DeepSpine AI enhances grading of lumbar spinal stenosis

Oct 11, 2018

An artificial intelligence (AI) algorithm called DeepSpine can assist radiologists in the time-consuming and difficult task of grading spinal stenosis on lumbar spine MRI exams, according to researchers from the Massachusetts General Hospital (MGH) and Brigham and Women's Hospital (BWH) Center for Clinical Data Science in Boston.

DeepSpine is a deep-learning algorithm that can perform vertebral segmentation, disk-level labeling, and level-by-level spinal stenosis grading. In testing, the algorithm yielded lumbar stenosis grading accuracy ranging from 89% to 99%.

"And radiologists could use the help," said Dr. Stuart Pomerantz in a presentation at the recent New York Medical Imaging Informatics Symposium (NYMIIS) in New York City.

Time-consuming and challenging

A highly prevalent cause of low back pain and disability, lumbar spinal stenosis is the primary indication for spinal surgery. Interpreting spine MRI studies is time-consuming and challenging, however, even for experienced radiologists, Pomerantz said. Consequently, there is considerable interreader variability in reporting, making longitudinal comparisons and treatment decision-making more difficult and frustrating for radiologists, referring clinicians, and patients, he said.

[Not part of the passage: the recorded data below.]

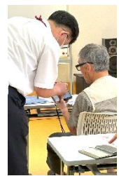
▲スマホ教室の風景
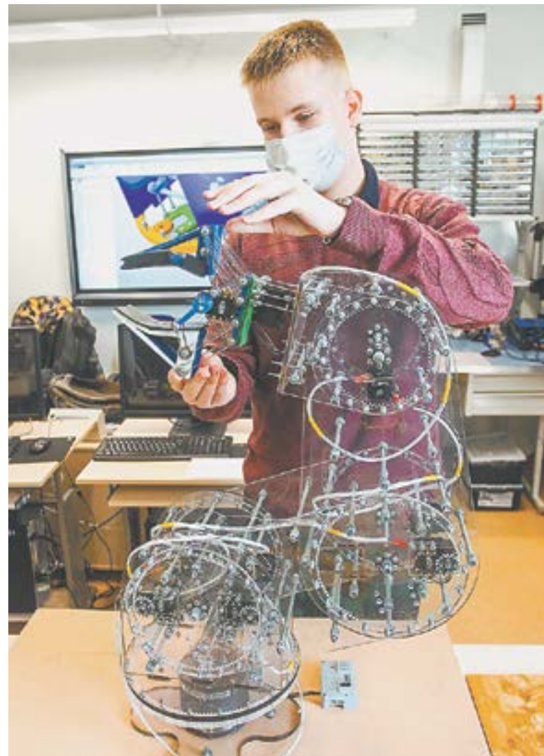
Проект робота виртуального присутствия.
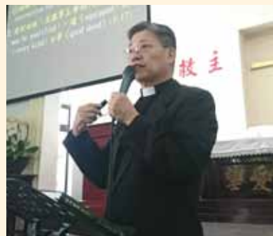
▲2018/05/06 異象傳遞—榮隆長老教會
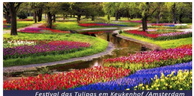
Festival das Tulipas em Keukenhof /Amsterdam

Café da manhã a bordo e saída para visita em Amsterdam (incluído). Fundada em 27 de outubro de 1275, a Capital Holandesa é hoje uma das mais importantes e belas cidades da Europa. Visita da cidade e seus arredores. Admire as belas casas do século XVII, charmosas igrejas e casas de mercadores do século XVI em uma excursão guiada, desfrute de um passeio através dos mais importantes pontos turísticos da cidade, incluindo uma parada para fotos no Moinho Rembrandt. Retorno ao barco para almoço. A tarde, saída para visita ao parque floral de KEUKENHOF o paraíso das tulipas. Retorno a bordo e início de nossa navegação.
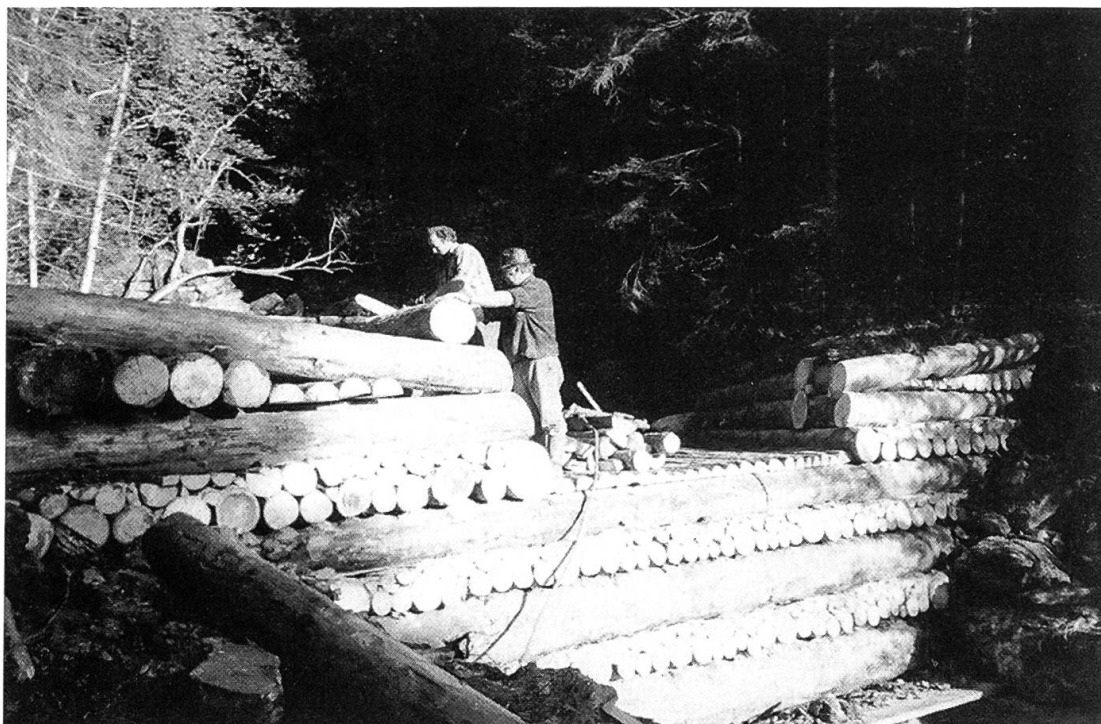
Figure 6. Aujourd'hui, la plupart des barrages se fait à nouveau en bois par l'équipe forestière communale.

The imaging evaluation is challenged by a lack of consensus on classification; there isn't a single, broadly accepted set of distinct radiologic criteria to describe and quantify spinal stenosis, Pomerantz said. While numerous classification systems have been published, they aren't always applied uniformly across the department. The systems are sometimes mixed and matched and applied in combination, and individual radiologists may make their own modifications. Furthermore, there's a lack of correlation of standards between specialties, as well as variation in terms of which specific measurements should be used, he said.

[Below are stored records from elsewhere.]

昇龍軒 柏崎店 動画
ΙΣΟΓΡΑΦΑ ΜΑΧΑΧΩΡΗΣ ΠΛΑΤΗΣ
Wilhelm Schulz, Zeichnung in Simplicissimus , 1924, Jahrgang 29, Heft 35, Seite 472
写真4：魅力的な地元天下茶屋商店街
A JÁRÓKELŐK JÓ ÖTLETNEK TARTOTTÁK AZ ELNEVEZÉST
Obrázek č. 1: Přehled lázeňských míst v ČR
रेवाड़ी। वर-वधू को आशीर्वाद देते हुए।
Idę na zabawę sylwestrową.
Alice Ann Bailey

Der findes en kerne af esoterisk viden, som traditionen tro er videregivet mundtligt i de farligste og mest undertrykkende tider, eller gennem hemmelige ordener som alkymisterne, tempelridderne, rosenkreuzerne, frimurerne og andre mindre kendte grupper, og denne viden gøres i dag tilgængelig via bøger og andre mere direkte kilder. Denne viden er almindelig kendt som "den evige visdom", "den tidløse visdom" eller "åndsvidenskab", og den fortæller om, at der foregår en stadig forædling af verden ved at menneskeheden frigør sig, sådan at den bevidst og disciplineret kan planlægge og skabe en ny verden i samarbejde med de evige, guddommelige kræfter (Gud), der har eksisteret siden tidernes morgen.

All of these factors result in substantial intra- and interreader variability for these cases. What's more, there are uncertain relationships between imaging findings and patient symptoms, surgical indications, and outcomes, he said.

Can AI help?

The researchers from the Center for Clinical Data Science sought to develop a deep-learning/AI algorithm that could perform several functions:

Automated disk-level labeling
Image optimization, such as correcting slice angle on each axial image
Level-by-level stenosis grading, for both central and foraminal stenosis

They also wanted to use this algorithm to power a radiology reporting tool that would populate values into report templates.

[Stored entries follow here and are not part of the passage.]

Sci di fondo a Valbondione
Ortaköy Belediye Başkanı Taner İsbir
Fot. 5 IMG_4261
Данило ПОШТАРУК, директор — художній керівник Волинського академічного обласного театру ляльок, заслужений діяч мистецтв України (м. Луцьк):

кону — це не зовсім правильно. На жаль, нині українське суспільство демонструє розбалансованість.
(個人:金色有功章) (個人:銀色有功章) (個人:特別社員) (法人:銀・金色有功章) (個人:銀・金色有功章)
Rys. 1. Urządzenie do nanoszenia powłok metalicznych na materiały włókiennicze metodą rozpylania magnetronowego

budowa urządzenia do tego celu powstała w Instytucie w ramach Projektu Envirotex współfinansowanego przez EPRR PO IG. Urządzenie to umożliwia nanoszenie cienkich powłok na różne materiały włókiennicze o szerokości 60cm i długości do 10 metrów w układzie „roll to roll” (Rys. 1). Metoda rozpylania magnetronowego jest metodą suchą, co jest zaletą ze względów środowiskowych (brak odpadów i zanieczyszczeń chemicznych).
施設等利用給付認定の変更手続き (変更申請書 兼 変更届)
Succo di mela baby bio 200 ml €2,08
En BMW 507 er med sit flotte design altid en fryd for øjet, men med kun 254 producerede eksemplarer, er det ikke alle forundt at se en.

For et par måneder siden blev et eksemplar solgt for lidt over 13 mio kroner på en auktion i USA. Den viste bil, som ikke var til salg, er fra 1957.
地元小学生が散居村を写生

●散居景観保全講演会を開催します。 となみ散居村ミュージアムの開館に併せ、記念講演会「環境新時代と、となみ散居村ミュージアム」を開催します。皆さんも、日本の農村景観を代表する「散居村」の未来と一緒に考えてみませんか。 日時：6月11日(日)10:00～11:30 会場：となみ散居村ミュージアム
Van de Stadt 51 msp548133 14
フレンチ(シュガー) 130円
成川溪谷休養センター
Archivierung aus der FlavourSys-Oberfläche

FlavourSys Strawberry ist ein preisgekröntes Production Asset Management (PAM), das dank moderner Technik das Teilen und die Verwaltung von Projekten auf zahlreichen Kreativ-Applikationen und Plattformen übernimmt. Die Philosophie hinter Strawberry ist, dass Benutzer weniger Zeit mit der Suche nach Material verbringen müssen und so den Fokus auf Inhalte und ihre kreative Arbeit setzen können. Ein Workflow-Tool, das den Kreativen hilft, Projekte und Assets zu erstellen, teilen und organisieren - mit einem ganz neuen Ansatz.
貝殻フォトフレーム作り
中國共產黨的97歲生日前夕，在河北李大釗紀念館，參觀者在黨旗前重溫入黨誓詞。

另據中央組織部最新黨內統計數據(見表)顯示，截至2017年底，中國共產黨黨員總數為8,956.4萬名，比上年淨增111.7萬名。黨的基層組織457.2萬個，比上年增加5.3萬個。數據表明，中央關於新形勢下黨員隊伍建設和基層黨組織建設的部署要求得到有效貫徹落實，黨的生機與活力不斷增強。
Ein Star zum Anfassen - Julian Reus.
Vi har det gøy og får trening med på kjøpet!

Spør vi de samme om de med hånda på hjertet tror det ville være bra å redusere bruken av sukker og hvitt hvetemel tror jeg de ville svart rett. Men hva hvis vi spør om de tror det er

That capability could yield more efficient and accurate reporting, more standardized grading and report descriptors, and reduced interobserver variability, Pomerantz said. Another goal was to implement workflow prioritization and route studies based on an automated assessment of study severity, the radiologist subspecialty/expertise level, the interpretation location, and volume fluctuations.

Fortunately, the use of AI in this application would be aided by the highly segmented and quantitative nature of disease manifestation and reporting, he said. Reporting on this condition is highly structured, with level-by-level descriptors that are easily characterized in numbers in a stenosis grading scale.

Training a machine-learning algorithm wouldn't be easy, however, as it's impractical to create a large-scale labeled training dataset by performing manual contour segmentation and getting new stenosis classifications from experts. The researchers hypothesized, though, that they could apply natural language processing techniques to extract per-level stenosis classifications from their institution's large archive of free-text spinal MRI reports. This could generate a sufficiently large set of image labels for sagittal and axial T2-weighted lumbar spine MR images, according to the researchers.

"Then we could separately segment each of those spines automatically into six levels and automatically apply those labels en masse to each of the corresponding levels," Pomerantz said.

This training set of 22,796 disk levels extracted from 4,075 patients was then used to train a convolutional neural network to characterize stenosis on a per-level basis.

DeepSpine

The result of their efforts was DeepSpine, an algorithm that provides automated lumbar vertebral segmentation, disk-level designation, and spinal stenosis grading. Using both axial and sagittal MRI scans as inputs, the algorithm produced stenosis grading accuracies ranging from 89% to 99% for both central spinal and foraminal locations on a disk-level basis, Pomerantz said.

The output of the algorithm can be integrated directly into the report via integration between the PACS and the reporting software, he said. It could then be used for workflow optimization, routing studies to appropriate radiologists based on the automated assessment of study severity and the estimated time to interpret these exams.

"This doesn't require a fancy new [user interface] to be developed or software developers," he said. "We have our vendors who have workflow prioritization tools already built into the PACS with different labels that we already use to do our priority groupings."

In the future, the researchers would like to make use of more inputs -- such as axial T1-weighted images -- and also be able to assess for qualitative disease as well as additional findings such as herniations. They also hope to apply AI to perform longitudinal imaging analysis and to incorporate clinical history data from the electronic health record, he said.

"Our referring physicians are very eager to bring this power to the decision they have to make after I say 'mild, moderate, or severe' for each [disk] level," Pomerantz said.